Personal information
- Date of birth: 17 September 1941
- Place of birth: Orkdal Municipality, Reichskommissariat Norwegen (today Norway)
- Date of death: 19 January 2022 (aged 80)
- Place of death: Orkdal, Norway
- Position: Defender

Senior career*
- Years: Team / Apps / (Gls)
- Orkdal
- 1960–1963: Rosenborg
- 1964–1966: Vålerengen
- 1966–1969: Rosenborg

International career
- 1963–1969: Norway / 29 / (0)

Managerial career
- 1971–1972: Rosenborg
- 1973–1974: Norway U21
- 1974–1977: Norway
- 1976: Rosenborg
- 1978–1982: Rosenborg
- 1983–1985: Orkdal
- 1986–1987: Moss
- 1986–1987: Norway U23
- 1988–1997: Rosenborg
- 1999–2002: Rosenborg
- 2010: Rosenborg
- 2011–2016: Orkla

= Nils Arne Eggen =

Norwegian footballer and manager (1941–2022)

Nils Arne Eggen (17 September 1941 – 19 January 2022) was a Norwegian footballer, manager and teacher from Orkdal Municipality. Eggen was closely tied to Rosenborg, the club he managed for 23 years between 1970 and 2010. He is Norway's most successful club manager throughout history, having won the Norwegian top division fifteen times and the Norwegian Football Cup six times as a manager. Eggen's tactical emphasis was on playing 4–3–3 and attacking football and his way of playing football has frequently been cited as an inspiration among players, coaches and clubs alike, both domestically and abroad. In his native Trøndelag, Eggen is revered and widely regarded as the greatest and most influential sports person in the region, even eclipsing Olympic champions such as Hjalmar Andersen and Petter Northug.

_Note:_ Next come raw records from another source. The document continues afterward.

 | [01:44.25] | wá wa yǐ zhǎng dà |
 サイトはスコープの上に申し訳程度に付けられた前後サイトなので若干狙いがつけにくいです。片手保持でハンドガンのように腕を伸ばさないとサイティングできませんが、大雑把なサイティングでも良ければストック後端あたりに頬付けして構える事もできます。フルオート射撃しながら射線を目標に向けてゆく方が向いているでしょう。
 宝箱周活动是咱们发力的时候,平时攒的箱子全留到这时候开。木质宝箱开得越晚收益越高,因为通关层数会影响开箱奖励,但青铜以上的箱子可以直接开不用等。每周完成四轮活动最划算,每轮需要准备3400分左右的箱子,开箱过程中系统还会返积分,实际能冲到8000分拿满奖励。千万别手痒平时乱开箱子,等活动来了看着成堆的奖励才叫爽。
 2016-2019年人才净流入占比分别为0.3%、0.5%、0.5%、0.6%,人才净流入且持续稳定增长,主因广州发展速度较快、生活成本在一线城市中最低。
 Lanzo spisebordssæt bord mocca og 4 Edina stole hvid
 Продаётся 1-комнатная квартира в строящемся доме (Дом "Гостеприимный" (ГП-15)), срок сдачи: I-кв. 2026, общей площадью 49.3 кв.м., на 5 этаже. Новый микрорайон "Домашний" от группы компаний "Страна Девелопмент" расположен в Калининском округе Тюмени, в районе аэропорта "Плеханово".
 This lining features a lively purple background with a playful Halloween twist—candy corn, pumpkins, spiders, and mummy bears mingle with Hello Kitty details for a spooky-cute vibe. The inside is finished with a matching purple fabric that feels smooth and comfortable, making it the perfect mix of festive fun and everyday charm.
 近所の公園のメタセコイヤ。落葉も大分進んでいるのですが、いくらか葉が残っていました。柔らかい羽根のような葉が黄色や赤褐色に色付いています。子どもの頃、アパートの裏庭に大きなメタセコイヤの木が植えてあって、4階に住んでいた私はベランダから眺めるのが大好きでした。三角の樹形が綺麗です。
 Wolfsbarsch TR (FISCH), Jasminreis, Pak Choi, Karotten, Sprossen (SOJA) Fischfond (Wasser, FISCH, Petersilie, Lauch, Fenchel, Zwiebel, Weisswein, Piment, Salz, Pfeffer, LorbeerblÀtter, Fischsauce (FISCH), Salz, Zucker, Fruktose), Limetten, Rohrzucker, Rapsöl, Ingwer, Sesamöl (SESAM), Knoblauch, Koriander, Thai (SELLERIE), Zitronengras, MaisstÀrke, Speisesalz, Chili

His playing career started with Orkdal; he then played for Rosenborg from 1960 to 1963 and 1966 to 1969, and for Vålerengen between 1964 and 1966. He was capped 29 times for Norway between 1963 and 1969. He won the Norwegian top division once with Vålerengen and twice with Rosenborg, and the Norwegian Football Cup once with Rosenborg.

In 1971, Eggen became manager of Rosenborg, winning the league in his inaugural season. He left to take over Norway U21 in 1973. He then became national team manager for Norway jointly with Kjell Schou-Andreassen until 1977. He then returned to Rosenborg where he remained until 1982. He then coached Orkdal until 1985. In 1986, he was hired as manager for Moss, where he won the Second Division in the first season and then the top league the following. During this period he was also manager of Norway U23. He started managing Rosenborg in 1988, where he remained until 2002, except for a sabbatical in 1998. This was the team's golden age, resulting in 11 consecutive league titles and the participation in eight consecutive seasons in Champions League. Eggen returned as manager for the single 2010 season, again winning the league.

==Playing career==
Eggen began his active football career when he was 15 years old as a defender at Orkdal's senior team. Later on he moved to Trondheim to study, and joined Rosenborg. He played with them in winning the Norwegian Football Cup in 1960.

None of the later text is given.